As the weeks passed, my study of Pat became more nuanced. He became less and less of a source for entertainment and derision, and more, to my surprise, a source of inspiration.

I'm not sure if it was a result of hailing from the Lone Star State or being genetically blessed, but Pat was so direct and honest, so genuine and unselfconscious, that he put most people instantly at ease. He also possessed the kind of curiosity about his surroundings and other people that most adults had long since shed. Within five minutes of meeting Edgar, a guy I had worked with for years, Pat had him telling his life story, a harrowing tale of his exile from Cambodia and the eventual emigration of his family to the United States. Up to that point, I had always assumed Edgar was born in the U.S. and had never thought to ask where he was from. "Wow, that's amazing, dude!" Pat said to Edgar after listening intently to his story. "How do you say 'hello' in Cambodian?" Pat asked. Though it took him about a week to get the pronunciation down, he greeted Edgar every morning with, " Chum reap suor ."
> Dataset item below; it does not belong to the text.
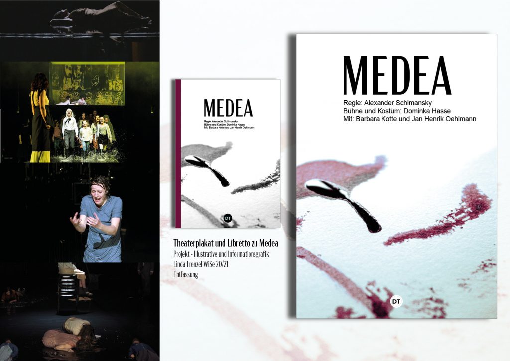 Meine Schriftwahl für Medea fällt auf Acme Gothic Compress Regular. Auf der Website des Deutschen Theaters wird Arial Regular verwendet, diese ich dann auch für den weiteren Text verwendet habe.
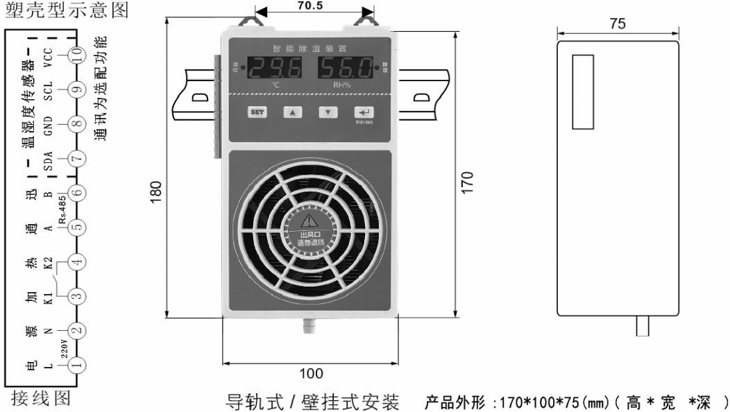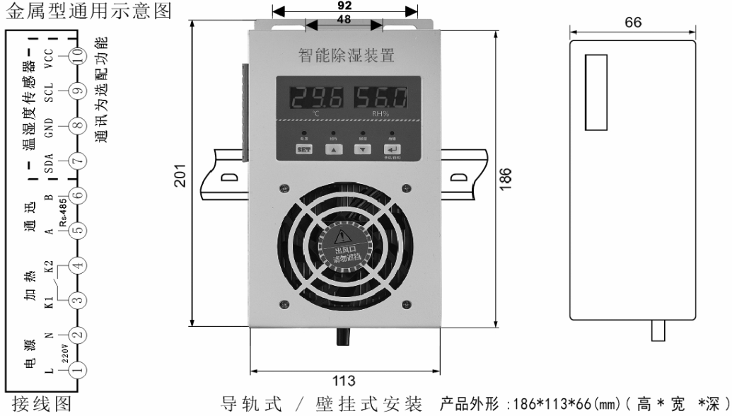 產(chǎn)品簡(jiǎn)介 / Introduction概述:智能型除濕裝置是采用半導(dǎo)體制冷除濕方式,主動(dòng)將密閉空間的潮濕空氣在風(fēng)扇的作用下吸入除濕風(fēng)道,空氣中的水汽經(jīng)過半導(dǎo)體制冷機(jī)構(gòu)后冷凝成水,再通過導(dǎo)水管排除柜體,可以達(dá)到很好的除濕效果。降溫型:當(dāng)F01設(shè)置0時(shí)為降溫型,當(dāng)環(huán)境濕度高于濕度最大值(濕度設(shè)定值)期間除濕裝置會(huì)自動(dòng)開啟除濕;當(dāng)環(huán)境濕度低于濕度最低值(濕度設(shè)定值減去濕度回差值)停止除濕。當(dāng)環(huán)境溫度高于設(shè)定溫度最高值(溫度設(shè)定值),風(fēng)扇散熱開始啟動(dòng),當(dāng)溫度低于設(shè)定溫度值(溫度設(shè)定值減去溫度回差值)降溫風(fēng)扇停止工作。升溫型:當(dāng)F01設(shè)置1時(shí)為升溫型,當(dāng)環(huán)境溫度低于設(shè)定溫度最低值(溫度設(shè)定值),加溫開始啟動(dòng),當(dāng)溫度高于最高溫度值(溫度設(shè)定值加上溫度回差值)加溫停止。如同時(shí)需冷凝除濕,設(shè)置濕度值,當(dāng)環(huán)境濕度高于設(shè)定濕度最大值(濕度設(shè)定值)期間除濕裝置會(huì)全自動(dòng)開啟除濕;當(dāng)環(huán)境濕度低于濕度最低值(濕度設(shè)定值減去濕度回差值)停止除濕;當(dāng)手動(dòng)開啟除濕功能時(shí),除濕裝置將一直保持除濕功能,直至手動(dòng)關(guān)閉除濕功能。防結(jié)霜結(jié)冰功能:實(shí)時(shí)監(jiān)測(cè)冷凝面工作面溫度,防止冷凝面溫度過低在除濕工作的時(shí)候結(jié)冰結(jié)霜,影響排水效果空氣循環(huán)功能:柜內(nèi)空氣靜止?fàn)顟B(tài)下各個(gè)部位的溫度不同濕度不同,除濕器提供柜內(nèi)空氣循環(huán)功能,使柜內(nèi)各個(gè)方位的溫度濕度更加平均,能更加有效的監(jiān)測(cè)柜內(nèi)空氣中的濕度和環(huán)境溫度。技術(shù)參數(shù):

One by one, Pat won over the rest of his coworkers. I never quite got used to conversing with him in the bathroom, and it took some training to shut out his deafening cell-phone conversations, but after awhile, I no longer thought of him as the goofy jock that I once did. Just when it seemed we were starting to become friends, the summer ended and it was time for Pat to return home to his cheerleader girlfriend, baseball team, and Lorenzo, who apparently did not commit suicide in a forest. I like to think that it was because of Pat's text message.